OK so let's imagine Debian Buster has AppArmor 3.0, and Buster+1 has AppArmor 3.2. How could we make _same single profile_ that could use 3.2 features on Buster+1, and 3.0 on Buster?

Multiple includes that would override each over? Like this:

```
#include <version/3.0> # policy needs at least 3.0!
#include if exists <version/3.2> # add more features than 3.0 had

...

if supports(dbus_mediation) { # since ABI version 3.2
        #include <abstractions/dbus-session-strict>
        dbus ...,
}
```

I suspect we are going to end up with a mix of packaging and policy magic 
depending on the policy author needs. Policy that the apparmor project ships 
could be easily setup to have packaging dependencies but LXD might choose to do 
something more flexible as they are dynamically generating policy


Maybe we could still use "apparmor/3.0" directory for new-style versioned profiles, leaving 
ubuntu/x.y for backpacking as it is now (We will have Ubuntu 18.04 for quite some time). If any day policy 
changes too much, "apparmor/4.0" could be added, or maybe we are sure enough that that's never 
going to happen, and we don't need that "3.0" at all?
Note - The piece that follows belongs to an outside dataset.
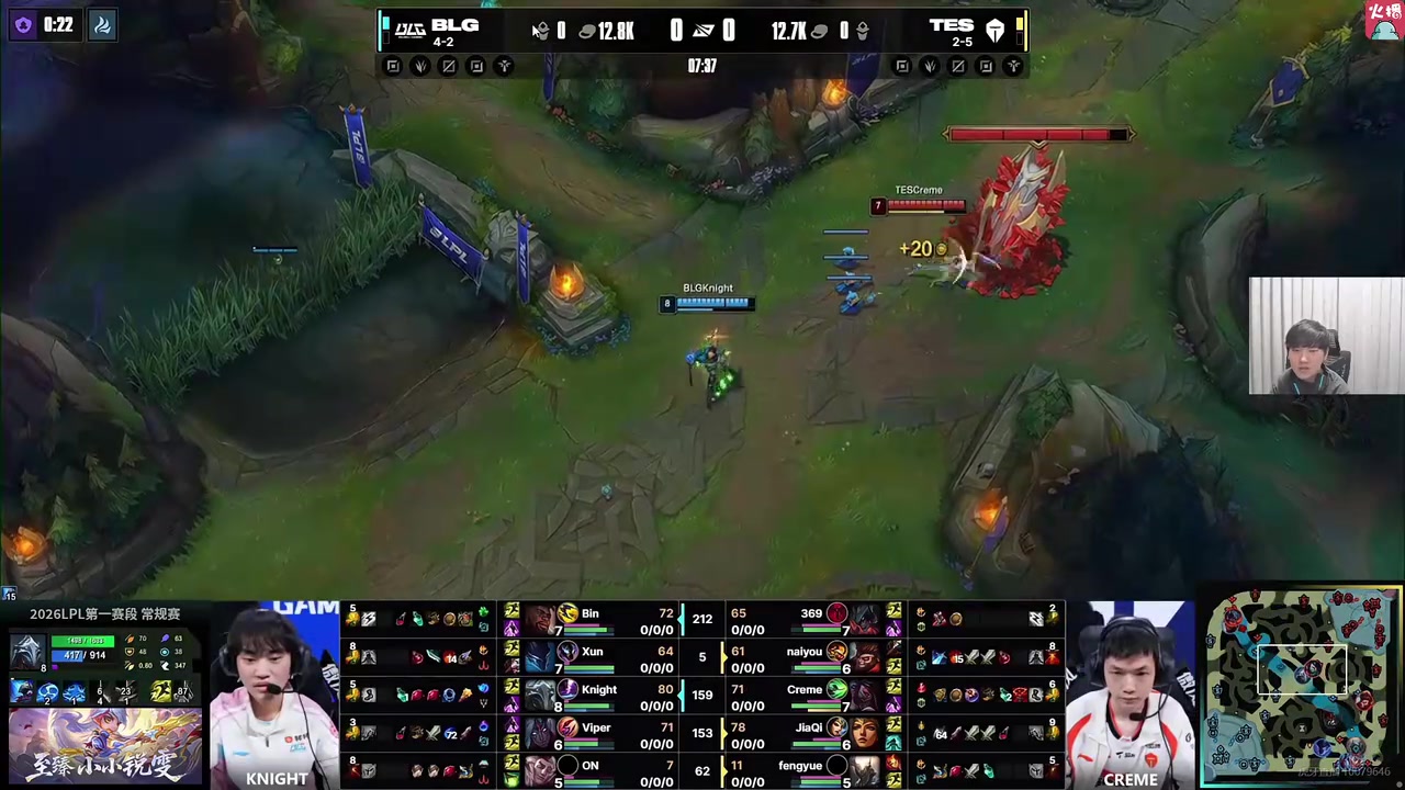JKL看小奶油绝活阿卡丽10-0游龙,TES 2-1战胜BLG当场鼓掌:坚哥阿卡丽游龙局!兄弟们加点油啊,打好一点后面都不用走骑士之路了!

That is a possibility, and whether or not we are sure that policy will never 
change enough to require a new version number we are going to keep the option 
to provide one because if we don't, we will need it later.

So is this "a deal"? Could we have "apparmor/3.0" (or similar) in apparmor-profile repo to make this big distinction against "old-style" policies, to add new 3.x-based profiles and upgrade older ones? What others think?